In den aktuellen politischen Zeitgeist passen jedoch die Bestrebungen einiger Autokraten, die Corona-Krise zum Ausbau ihrer Macht zu missbrauchen. Strukturell birgt die aktuelle Krise die Gefahr, dass freiheitlich-demokratische Strukturen außer Kraft gesetzt werden und einzelne Krisenmanager die Angst der Bevölkerung zum eigenen Machtausbau nutzen. Das kollektive Bedürfnis nach starker Führung ist nie größer als in einer Krise. Auch ökonomisch versuchen einige findige Unternehmer aus der Krise Profit zu schlagen und verkaufen Schutzmasken mit 3000 Prozent Aufschlag. Diesen Phänomenen stehen natürlich zahlreiche positive und ermutigende Beispiel gegenüber: Junge Menschen kaufen für ältere Menschen ein, die Politik beschließt in Windeseile immense Soforthilfen, in Hackathons entstehen kreative Ideen und zahlreiche Dienstleistungen werden online angeboten. Schon diese verkürzte Bestandsaufnahme, die sich noch gar nicht mit dem immensen Bedeutungszuwachs von Klopapier in der deutschen Kultur beschäftigt hat, zeigt eine enorme Bandbreite an Interpretationen und Handlungsmöglichkeiten, die sich aktuell ergeben.

Perspektiven – eine subjektive Auswahl:

Wir haben im Folgenden einige – aus unserer Sicht – interessante Perspektiven auf die Krise und vor allem auf die Zeit nach der Krise zusammengestellt. Aber auch diese Auswahl ist eine Konstruktion und unsere Absicht ist eine positive Irritation. Ob dies gelingt, könnt nur ihr als Leser entscheiden.
  • Eine Analyse der Gefahren und Chancen und ein Plädoyer für mehr Solidarität bietet das Interview des Bestsellerautors Yuval Harari.
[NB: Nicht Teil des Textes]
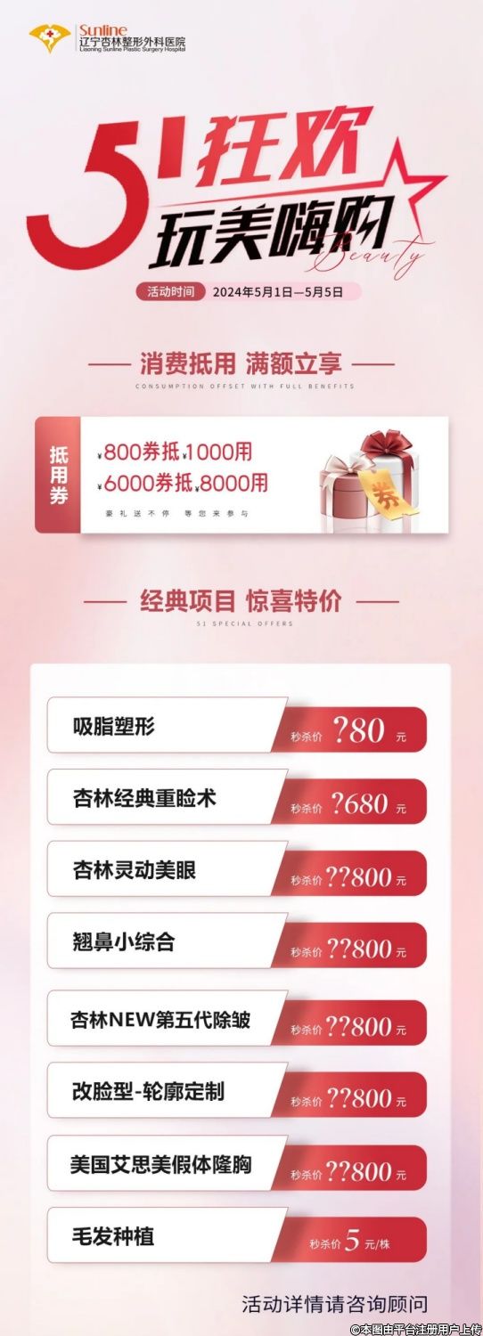 沈陽(yáng)杏林51倒計(jì)時(shí)!限時(shí)優(yōu)惠來(lái)襲,熱門(mén)項(xiàng)目特價(jià)享,還剩一天時(shí)間結(jié)束!
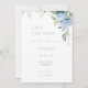 Esta hermosa hidrangea floral de boda plana, salvo la tarjeta de fecha, exuda un tono fresco, elegante y juvenil. La parte delantera de la tarjeta incluye texto de invitación, una dirección web del boda, información del boda así como un adorable arreglo de hortensias azules. El conjunto de fuentes polvorientas azules es moderno y elegante con un fondo blanco. Personalice esta elegante y elegante invitación a la boda para convertirla en su propia casa.
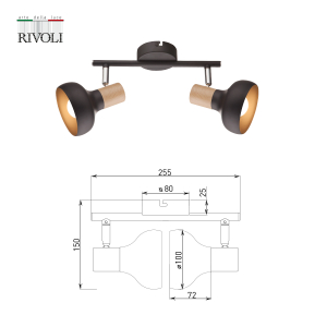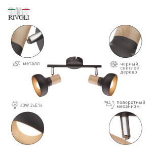 Спот поворотный металлический с 2 плафонами Rivoli Lorrany выполнен в популярном стиле лофт. При этом универсальный дизайн данного настенно-потолочного спота позволяет использовать его в самых разных пространствах - от традиционных до современных. Удачным решением стало сочетание черного матового цвета плафонов с отделкой элементов под светлое дерево.
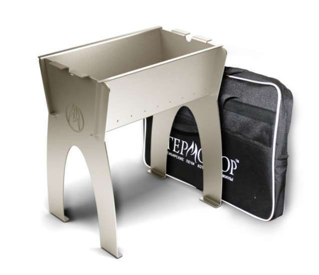 Разборная конструкция мангала позволяет использовать его в походных условиях при выезде на природу. Лёгкая сборка и разборка — что называется, «с полпинка». Прочная сталь толщиной 3 мм и ребра жесткости сохраняют геометрию мангала при большой нагрузке. В комплект поставки мангала на удлиненных ножках входит решетка-гриль и сумка.
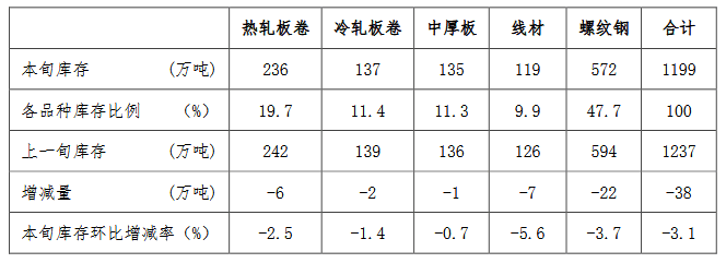 4月下旬,21個城市5大品種鋼材社會庫存1199萬噸,環(huán)比減少38萬噸,下降3.1%,庫存連續(xù)下降,降幅收窄;比3月下旬減少175萬噸,下降12.7%;比年初增加470萬噸,上升64.5%;比上年同期增加48萬噸,上升4.2%。
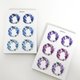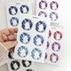 浪漫花圈系列装饰贴纸 材质:透明 PET 贴纸 张数:共 8 张,每种颜色 2 张,共 4 种颜色 尺寸:13.5 x 10.5 厘米 *裁切时可能会有 5mm 的误差。 颜色:蓝色、黑色、紫色、粉红色

  • Das ‚Von-Vorne-Szenario‘ des Zukunftsforschers Matthias Horx ist wohl einer der meistgelesenen und -geteilten Texte der letzten Wochen. Hoffen wir hier mal auf die Kraft der sich-selbst-erfüllenden Prophezeihung. Seine Methode der Re-Gnose ist für Systemiker auch insofern interessant, weil sie im Prinzip wie die Wunderfrage von Steve de Shazer funktioniert.
  •  Nicht ganz so optimistisch schätzt die Philosophin Lisz Hirn die aktuelle Situation ein. Sie akzentuiert etwas mehr die Gefahren, die mit der Krise verbunden sein können. Auch diese Perspektive soll hier einen Raum haben.